Academic Minute Podcast
Jase Bernhardt, Hofstra University – Communicating Rip Current Risk in English and Spanish
Staying safe in the ocean is all about communicating the right message to swimmers.
Jase Bernhardt has had a lifelong passion for studying weather and climate, dating to his childhood in Upstate New York. At Hofstra, Dr. Bernhardt spearheaded the installation of three campus weather stations, which provide real-time data and practical experience for his meteorology students.
His research also includes using virtual reality to improve storm warnings and preparation.
In 2022 Dr. Bernhardt launched a project to build bilingual communication warning tools about rip currents and became one of eight coastal research programs to receive $1.3 million from New York Sea Grant (NYSG).
Rip currents pose a hazard to visitors to beaches in Long Island and across the nation. Groups such as the National Weather Service and local municipalities provide warnings and education materials about rip currents to the public. According to Dr. Bernhardt, signage and education often do not take into account the region’s large Spanish-speaking population. “There is a dearth of safety materials in languages other than English,” he said, “and that can lead to fatalities.”
Dr. Bernhardt received a B.S. in atmospheric science from Cornell University, where he researched east coast winter storms. He attended graduate school at Penn State, working in the Department of Geography, with a focus on climatology. He expanded his research interests to include human impacts on climate, historical climatology, and the usage of GIS. While at Penn State, Jase served as a broadcast meteorologist on the Weather World television program, broadcast throughout the state of Pennsylvania.
Communicating Rip Current Risk in English and Spanish
It might surprise you to learn that one of the leading causes of weather-related fatalities each year across the United States is rip currents. Rip currents are narrow but strong flows of ocean water typically originating at the shoreline and moving rapidly out to sea. They are more frequent during periods of rough surf and large waves, sometimes due to tropical storms well offshore.
While rip currents do not actually pull people underwater, they can sometimes become dangerous. Why? Because when swimmers are impacted by a rip current, they may panic, as they fear being swept out to sea. In doing so, they often try to fight the rip current by attempting to swim back to shore. The currents, however, can be much stronger than any human can swim. So going against one is often a challenge, and the fatigue from fighting the current can result in the need for a lifeguard rescue.
Rip current danger demonstrates the complexity of severe weather outreach. While the rip itself is not particularly dangerous, an inappropriate response to one can turn deadly.
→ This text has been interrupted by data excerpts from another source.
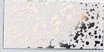
ステンレスメーカー梨地/ST-4 (板厚1.5t限定)
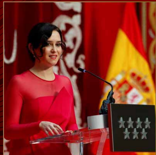
Excma. Sra. Dª Isabel Díaz Ayuso Presidenta de la Comunidad de Madrid
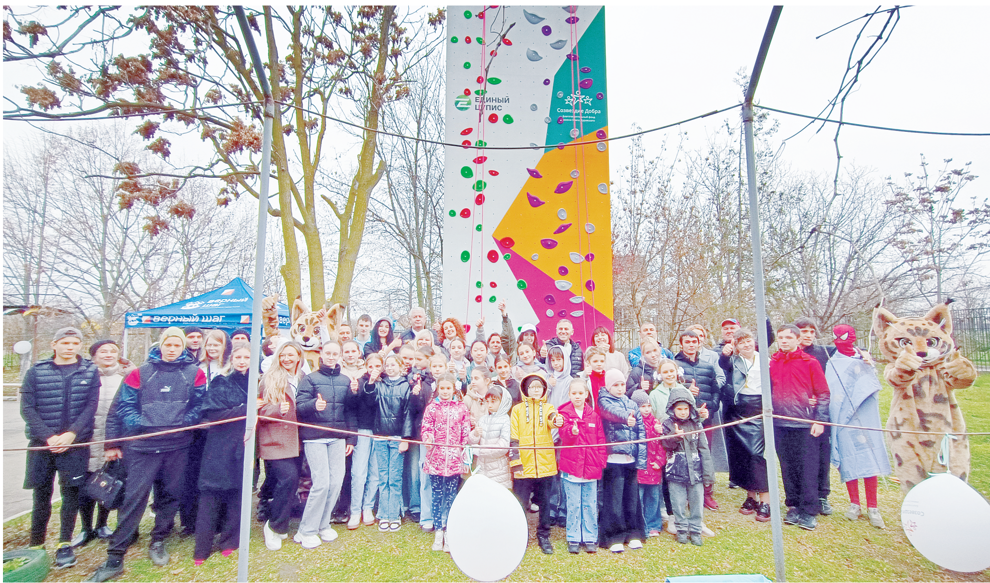
Участники праздника открытия скалодрома на территории Большелогского Центра помощи детям.

мекерская компания «Лига Ставок» и благотворительный фонд «Созвездие добра» имени Олега Журавского. Программа возникла в 2020 году и стала закономерным продолжением всей деятельности обеих организаций. По этой программе мы строим объекты спортивной инфраструктуры для детей в трудной жизненной ситуации, для детей-сирот, которые проживают в детских домах и социально-реабилитационных центрах. Мы также заботимся о спортсменах разных поколений, а еще поддерживаем юных талантливых спортсменов, которые получают стипендиальную поддержку для занятий спортом. Вот такие три основных направления у этой программы: спортивная инфраструктура, забота о спортсменах старшего поколения и поддержка юных
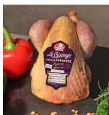
Chapon de Pintade Fermier du Bocager
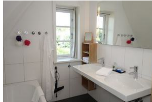
Das Bad im OG mit Doppelwaschtisch....
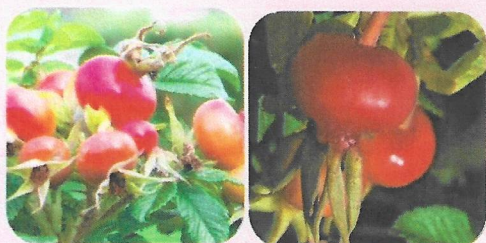
Kiulukat punaiset ja nauriinmuotoiset
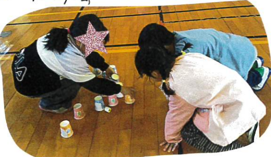
↑ ノンギン、ホーリング
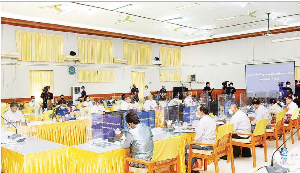
နိုင်ငံတော်စီမံအုပ်ချုပ်ရေးကောင်စီ ဒုတိယဥက္ကဋ္ဌ ဒုတိယဝန်ကြီးချုပ် ဒုတိယဗိုလ်ချုပ်မှူးကြီး စိုးဝင်း လူမှုကာကွယ်စောင့်ရှောက်ရေးဆိုင်ရာ အမျိုးသားကော်မတီအစည်းအဝေး (၁/၂၀၂၂) တွင် အမှာစကားပြောကြားစဉ်။

နေပြည်တော် ဒီဇင်ဘာ ၂၁ လူမှုကာကွယ် စောင့်ရှောက်ရေးဆိုင်ရာ အမျိုးသားကော်မတီအစည်းအဝေး (၁/၂၀၂၂) ကို ယနေ့ မွန်းလွဲ ၁ နာရီခွဲတွင် နေပြည်တော်ရှိ လူမှုဝန်ထမ်း၊ ကယ်ဆယ်ရေးနှင့် ပြန်လည်နေရာချထားရေးဝန်ကြီးဌာန အစည်းအဝေးခန်းမ၌ကျင်းပရာ လူမှုကာကွယ်စောင့်ရှောက်ရေးဆိုင်ရာ အမျိုးသားကော်မတီ ဥက္ကဋ္ဌ နိုင်ငံတော်စီမံအုပ်ချုပ်ရေးကောင်စီ ဒုတိယဥက္ကဋ္ဌ ဒုတိယဝန်ကြီးချုပ် ဒုတိယဗိုလ်ချုပ်မှူးကြီး စိုးဝင်း တက်ရောက်အမှာစကား ပြောကြားသည်။
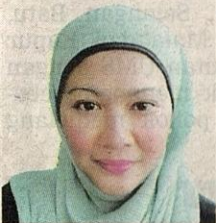
Pensyarah Kanan, Fakulti Pendidikan Universiti Malaya

Berdasarkan analisis keputusan Sijil Pelajaran Malaysia (SPM) baru lalu, terdapat penurunan prestasi pencapaian bagi mata pelajaran Bahasa Melayu dan Inggeris. Malah, dalam konteks subjek Bahasa Inggeris penurunan itu sudah kelihatan sejak SPM 2020.

Thus, providing memorable lessons of what to do when caught in a rip current is of vital importance. Quite simply, if you are caught in a rip current, you should stay calm, wave for help, and if you feel comfortable doing so, swim parallel to shore—not towards it—to escape the rip.
To make those instructions more engaging, especially for younger swimmers who might be more likely to swim without lifeguards, my team has developed a virtual reality video game where participants are caught in a rip current and have to escape. Initial results indicate that this form of outreach is effective, and we are currently testing and translating the game into Spanish, to make it accessible to a broader population.